Welcome to the 'New Somerset and Dorset Railway'

The original Somerset and Dorset Railway closed very controversially in 1966. It is time that decision, made in a very different world, was reversed. We now have many councillors, MPs, businesses and individuals living along the line supporting us. Even the Ministry of Transport supports our general aim. The New S&D was formed in 2009 with the aim of rebuilding as much of the route as possible, at the very least the main line from Bath (Britain's only World Heritage City) to Bournemouth (our premier seaside resort); as well as the branches to Wells, Glastonbury and Wimborne. We will achieve this through a mix of lobbying, trackbed purchase and restoration of sections of the route as they become economically viable.

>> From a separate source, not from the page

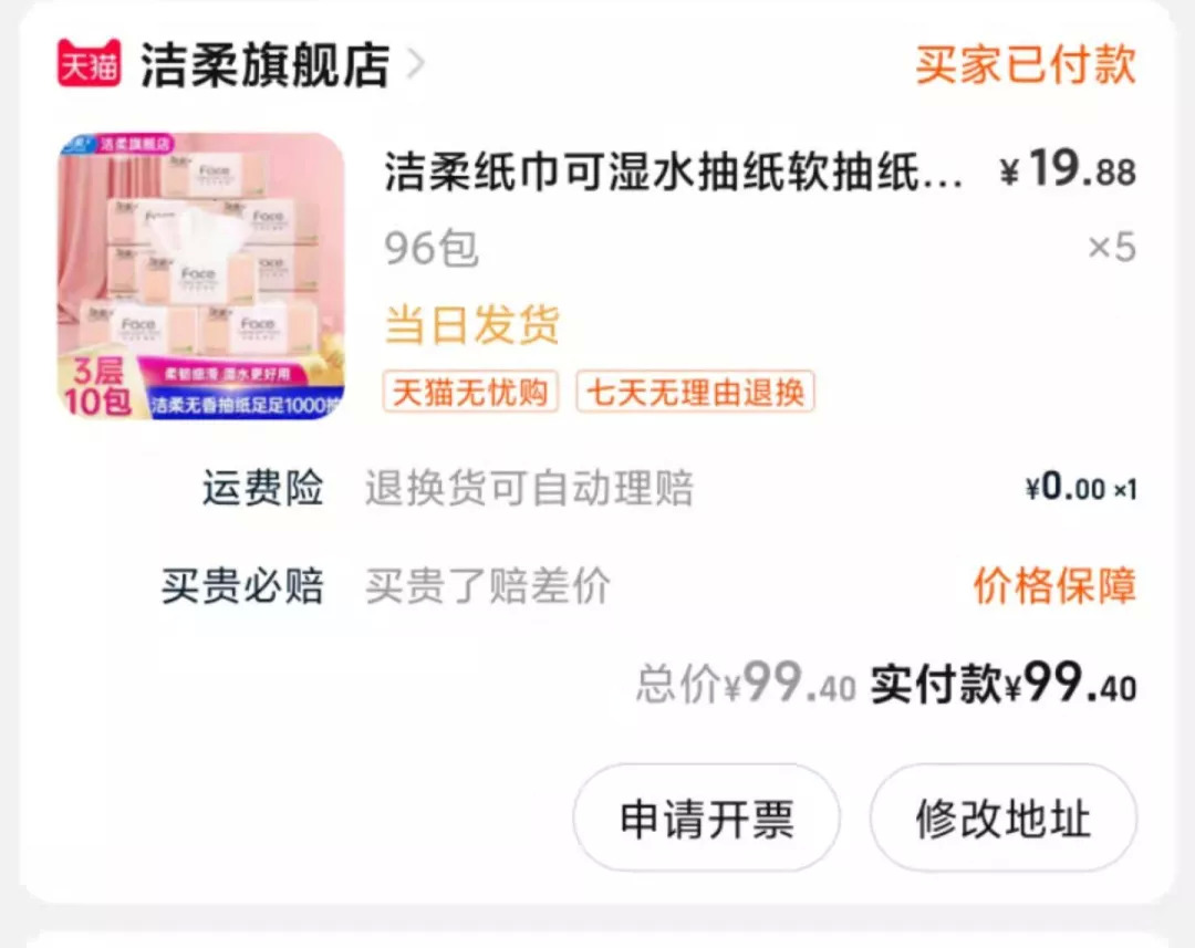 当晚,纸巾品牌洁柔旗舰店参与淘宝百亿补贴的一款商品出现价格bug,商品链接中从10包到96包不等的规格,均可以19.9元的价格下单。很快,多个羊毛群及购物小组同步分享了这一“羊毛”,商品销量迅速涨至20万。几天后,商家给出的解决措施是,所有“羊毛”订单进行退款不发货,并补偿每位下单用户10包同款规格纸巾。
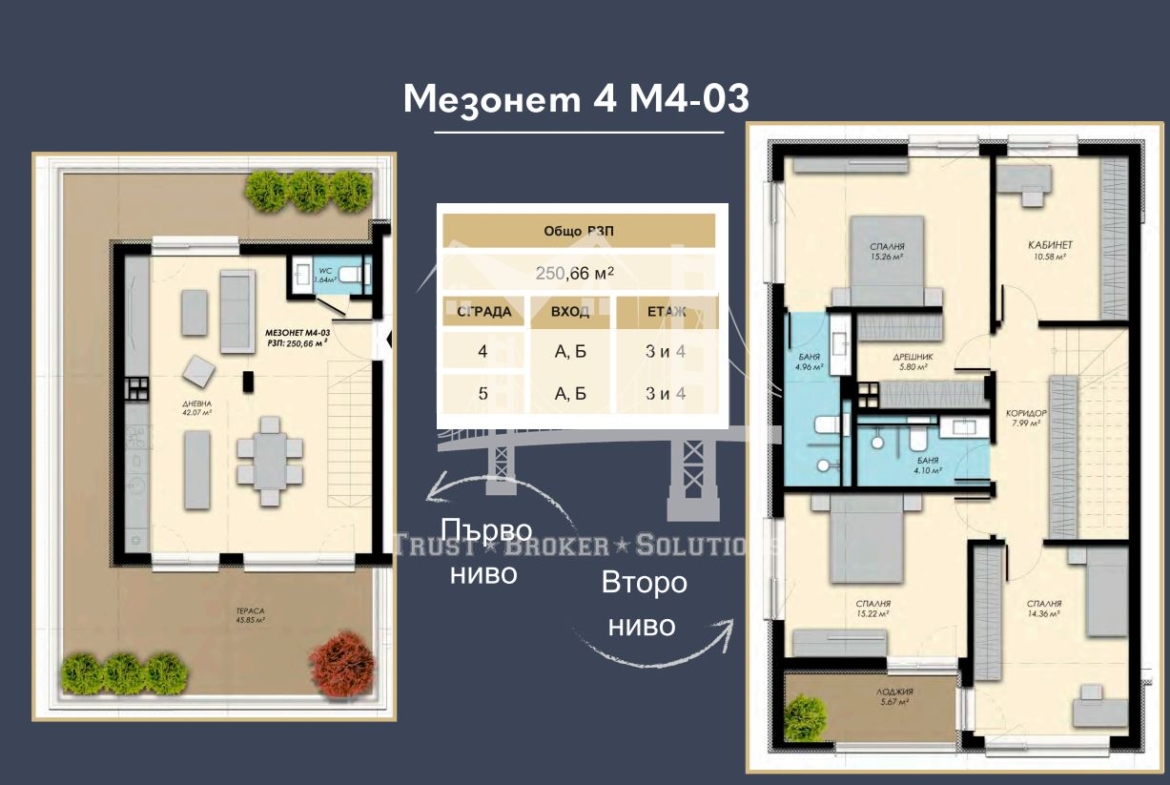 Агенция „Trust Broker Solutions” предлага на Вашето внимание изключително просторен и функционален мезонет, разположен в с. Бистрица, София – перфектен избор за семейства, които търсят комфорт на две нива, качество на ново строителство и спокойствие близо до природата. Жилището впечатлява с балансирано разпределение и модерна сграда с асансьор, осигуряваща удобен достъп. Идеологията на комплекса, разположен в живописния район на Бистрица в близост до Витоша планина, е да осигури паркова среда с фонтани, зона за релакс, спортна площадка и изцяло подземно паркиране. Мезонетите създават усещане за къща.

With Climate Change, road congestion, capacity constraints on the railways and now Peak Oil firmly on the agenda we are pushing against an open door. We already own Midford just south of Bath, and are restoring Spetisbury under license from DCC, but this is just the start. There are other established groups restoring stations and line at Midsomer Norton and Shillingstone, and the fabulous narrow gauge line near Templevcombe, the Gartell Railway.

There are now FIVE sites being actively restored on the S&D and this blog will follow what goes on at all of them!
Midford - Midsomer Norton - Gartell - Shillingstone - Spetisbury

Our Aim:

Our aim is to use a mix of lobbying, strategic track-bed purchase, fundraising and encouragement and support of groups already preserving sections of the route, as well as working with local and national government, local people, countryside groups and railway enthusiasts (of all types!) To restore sections of the route as they become viable.
Whilst the New S&D will primarily be a modern passenger and freight railway offering state of the art trains and services, we will also restore the infrastructure to the highest standards and encourage steam working and steam specials over all sections of the route, as well as work very closely with existing heritage lines established on the route.

This blog contains my personal views. Anything said here does not necessarily represent the aims or views of any of the groups currently restoring, preserving or operating trains over the Somerset and Dorset Railway!

Tuesday, October 25, 2011


(All pics courtesy Jim Type, copyright C L Caddy Collection)

Wimborne was the original southern end of the S&D, and at one time was the busiest station in Dorset. It is currently closed completely, and has been since 1977 (1964 to passengers!) Not quite sure what the planners were thinking of in the Silly Sixties when Ringwood, Blandford, Wimborne and Fordingbridge all lost their passenger and freight services! All of these stations should be open again in the not too distant future.

The original connection may seem odd to us now, but the honeypot of Bournemouth didn't really exist before 1870, around which time a direct route from Brockenhurst was built, leaving the original line, nicknamed 'Castleman's Corkscrew' thanks to its rather singular course, as a secondary, albeit double track to the end, route. At around the same time the S&D south of Bailey Gate acquired a direct route into Poole and Bournemouth. The S&D line to Wimborne then became a minor branch line, closing to passengers as early as 1933. Wimborne's final passenger services, to Salisbury, Brockenhurst and Poole all closed in 1964, with freight continuing from Poole until 1977.

From the 21st century this loss may seem insane, but remember in the sixties they hadn't quite twigged that oil was a finite resource and seriously expected roads to last well into the 21st century and perhaps even the 22nd!

Back in the real world our task will be to get these large towns back on the network ASAP. The recent ATOC report had the Ringwood line right at the top of its reinstatement list, though shied clear of making the obvious next step to Wimborne. The New S&D will restore trains to Blandford as quickly as possible, and will also have the second connection to Wimborne, to give greater flexibility of services as well as tap into the traffic of this large town. A group to rebuild the Fordingbridge line is also likely to be launched very soon. So the railways in this part of Dorset are definitely stirring from the rather stupid hibernation they've been in since the mid sixties. About time too!